Siegfried Kracauer signala dans « De Caligari à Hitler » (1947) que Metropolis exprimait l’impulsion de la société de Weimar à déléguer la solution du conflit de classe à un médiateur bienveillant issu de l’élite elle-même. L’expressionnisme allemand sut diagnostiquer l’âme collective d’une nation en crise, et ses figures récurrentes — Caligari, Nosferatu, Mabuse, le Faust de Murnau — préfiguraient l’ascension du chef qui serait élu démocratiquement grâce à la promotion de la peur. Ce que Kracauer diagnostiqua comme trait spécifique de Weimar se révèle, vu depuis 2026, une constante structurelle du capitalisme tardif.
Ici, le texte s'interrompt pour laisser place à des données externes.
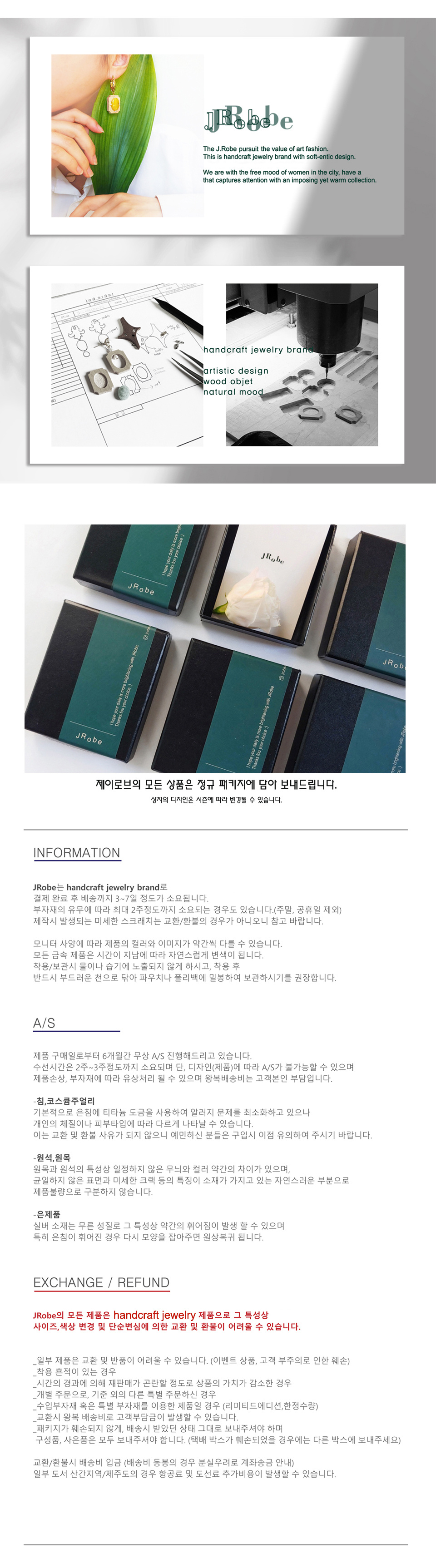 제이로브(JROBE)는 유행을 따르기보다는 일상에 감성을 채워 줄 수 있는 패션과 공예를 접목한 아트 주얼리를 선보이는 브랜드입니다. 금속적 표현을 넘어 유니크한 디자인과 특유의 소재감으로 매 시즌 새로운 컬렉션을 전개합니다.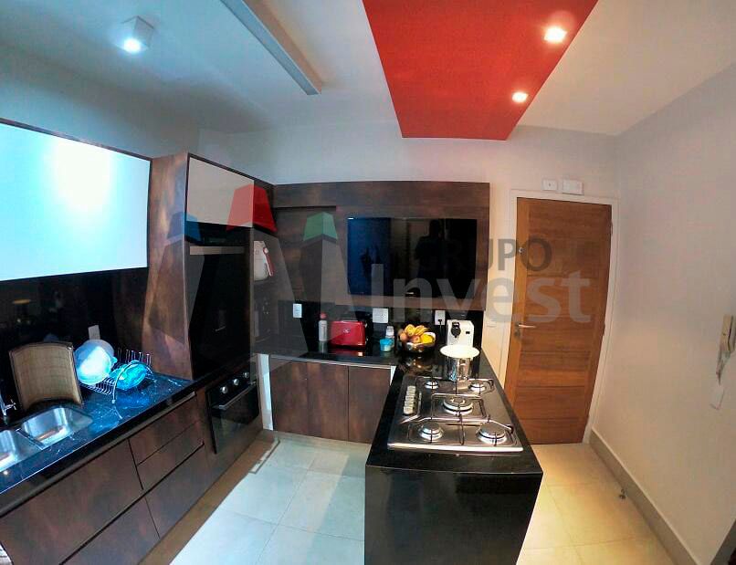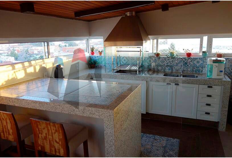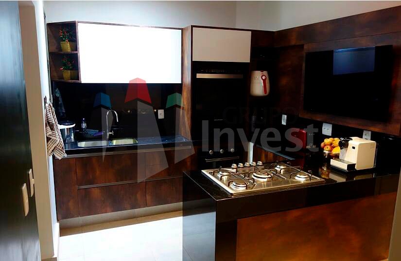 Piso Ceramica, Portao Eletronico, Sacada, Armario Dormitorio, Armario Banheiro, Armario Cozinha, Churrasqueira, Piscina, Servico Cozinha,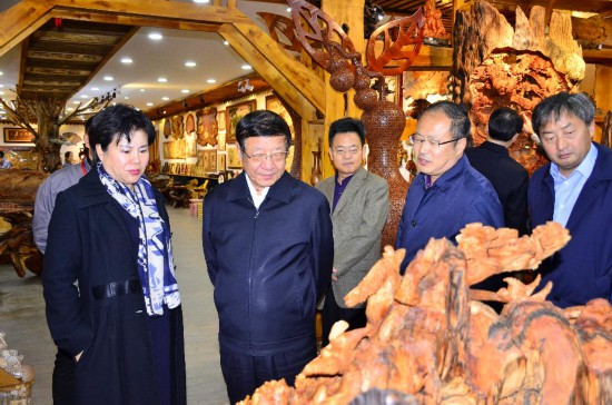 張建龍首先來(lái)到烏馬河木藝文化小鎮(zhèn),詳細(xì)了解小鎮(zhèn)規(guī)劃布局和建設(shè)發(fā)展情況,通過(guò)觀看小鎮(zhèn)宣傳片,現(xiàn)場(chǎng)參觀小鎮(zhèn)服務(wù)中心、木藝產(chǎn)品店,對(duì)伊春市木藝文化產(chǎn)業(yè)發(fā)展表示高度肯定。他指出要繼續(xù)突出原生態(tài)特色,加強(qiáng)創(chuàng)新創(chuàng)意設(shè)計(jì),滿足人民群眾對(duì)林業(yè)產(chǎn)品多樣化的需求。走進(jìn)美江木藝公司,就如同走進(jìn)了藝術(shù)的殿堂,制作精良的木拼畫、惟妙惟肖的根雕、造型別致的樹榴工藝產(chǎn)品,一件件精美的木制工藝品,令人目不暇接。張建龍仔細(xì)觀賞這些木制產(chǎn)品,向企業(yè)負(fù)責(zé)同志詳細(xì)了解產(chǎn)品創(chuàng)意設(shè)計(jì)和市場(chǎng)銷售等情況。勉勵(lì)企業(yè)要再接再厲,繼續(xù)做好產(chǎn)品研發(fā),全面提升工藝水平,創(chuàng)造出更多更好的生態(tài)特色產(chǎn)品,進(jìn)一步增強(qiáng)林業(yè)發(fā)展的活力與動(dòng)力。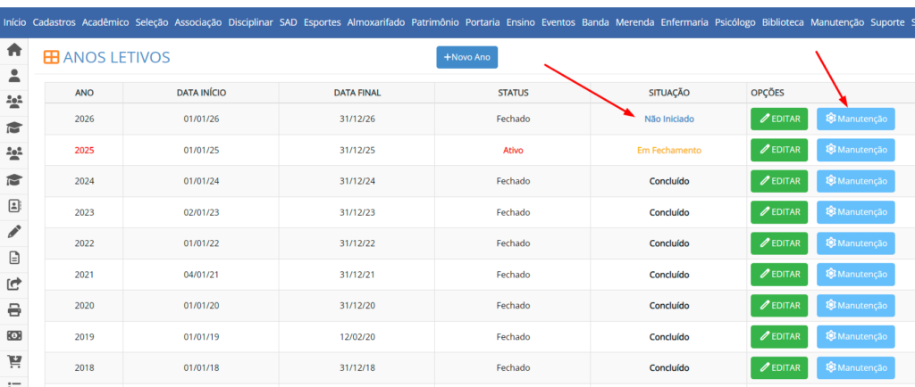 Será exibido a lista do anos letivos, para ativar o ano desejado, basta clicar no botão MANUTENÇÃO que está na linha do ano letivo desejado.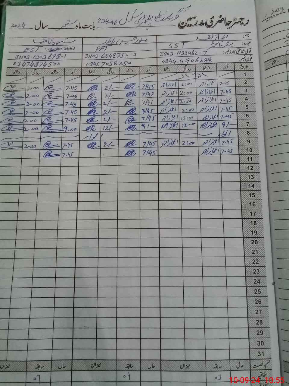 | Name: EJ**** AH**** Designation: (School Headmaster's/Headmistress's) S.S.T.(G) Phone/Cell Number: 03**** |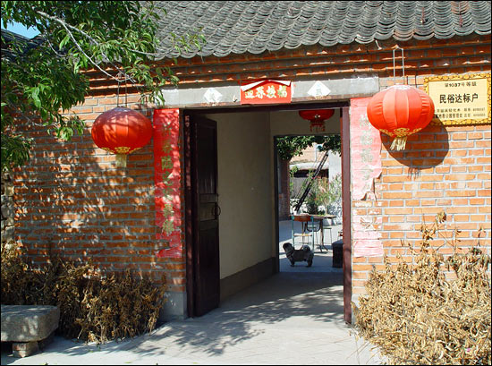 | 绿地,人家。我们看到门上钉着“民俗达标户”的牌子就径直闯进去了。后来才听他们说,象这样的达标户现在村里已有十几家。 | ![]() |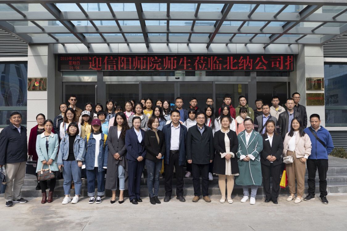 10月17日,经理袁红雨带队,副经理宋新强,党委副书记杨霁虹,员工带队老师赵昕梅、王天文、陈震、田华、许威、张丽丽、张朋朋及教学管理人员胡月老师赴商城北纳创联生物科技有限公司检查公司员工实习情况。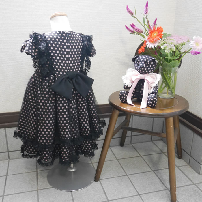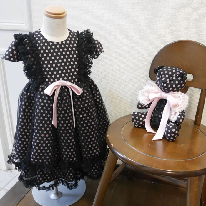 お出かけが楽しみのピンクとブラックの水玉模様の可愛いドレスですね。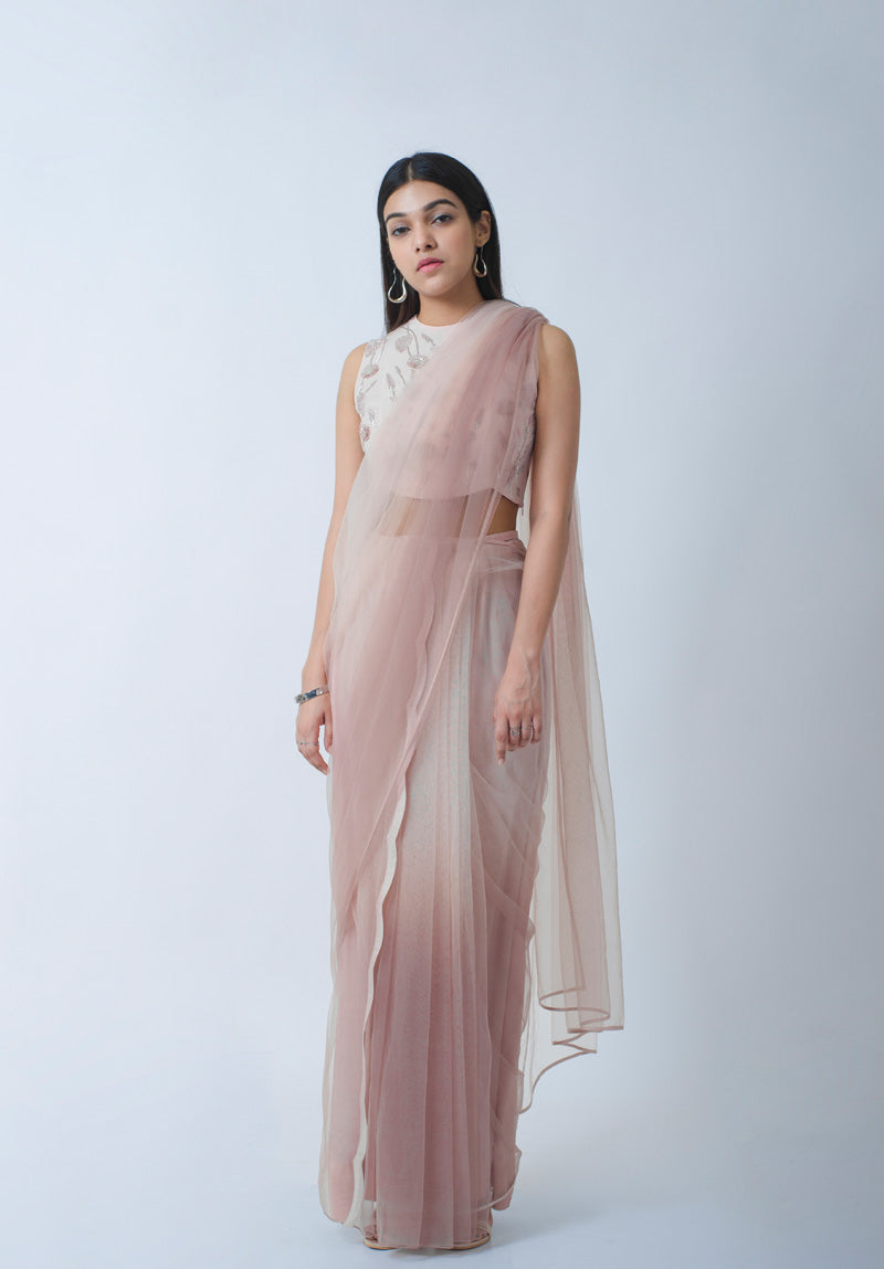 Blush And Rose Ombre Pre-Draped Saree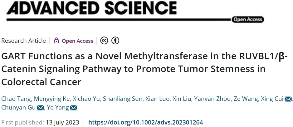 近日,南京中医药大学和山东中医药大学研究人员共同在知名期刊《Advanced Science》发表了题为“GART Functions as a Novel Methyltransferase in the RUVBL1/β-Catenin Signaling Pathway to Promote Tumor Stemness in Colorectal Cancer”的研究论文,该研究旨在确定GART增强CRC细胞干性的潜在机制,以开发新的治疗方法。GART水平升高与CRC患者的不良预后相关,并促进CRC细胞的增殖和迁移。GART表达增加的CD133+细胞在体外和体内都具有更高的致瘤和增殖能力。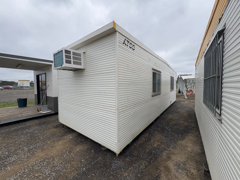PORTABLE BUILDING COMPLEX, BRAND: ATCO, DIMENSIONS: 12M X 6M, SINGLE DOORS: X3, SLIDING WINDOWS C/W SECURITY BARS: X3, DUAL POWER POINTS: X4, SINGLE POWER POINTS: X2, STRUCTURALLY GOOD, INTERIOR FAIR/GOOD.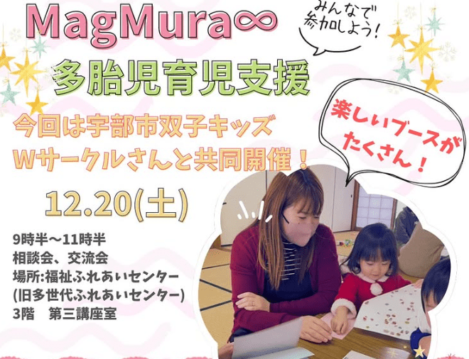 宇部市琴芝、福祉ふれあいセンターで「MagMura∞多胎児育児支援」が12月20(土)に開催されます。

La machine à visage humain
L’androïde de Metropolis, le Maschinenmensch construit par Rotwang pour supplanter Maria, pose un mécanisme qui n’a pas besoin d’extrapolation pour s’appliquer au présent. Fabriquer un double de celle qui possède la confiance collective, le programmer pour émettre les messages souhaités par le pouvoir, et l’utiliser pour provoquer une réaction qui justifie la répression. Si le pouvoir dans les technocraties s’était représenté à travers un œil qui surveille, comme le HAL 9000 de Kubrick, ou une voix qui commande, comme l’Alpha 60 de Godard, l’identification avec un androïde à figure humaine se révèlerait plus efficace par la séduction. Les systèmes actuels de génération de contenu synthétique — les modèles vocaux et vidéo qui répliquent l’image de n’importe quelle figure publique — reproduisent le même dispositif avec une efficacité que les maquettes et le maquillage de Brigitte Helm ne pouvaient qu’insinuer.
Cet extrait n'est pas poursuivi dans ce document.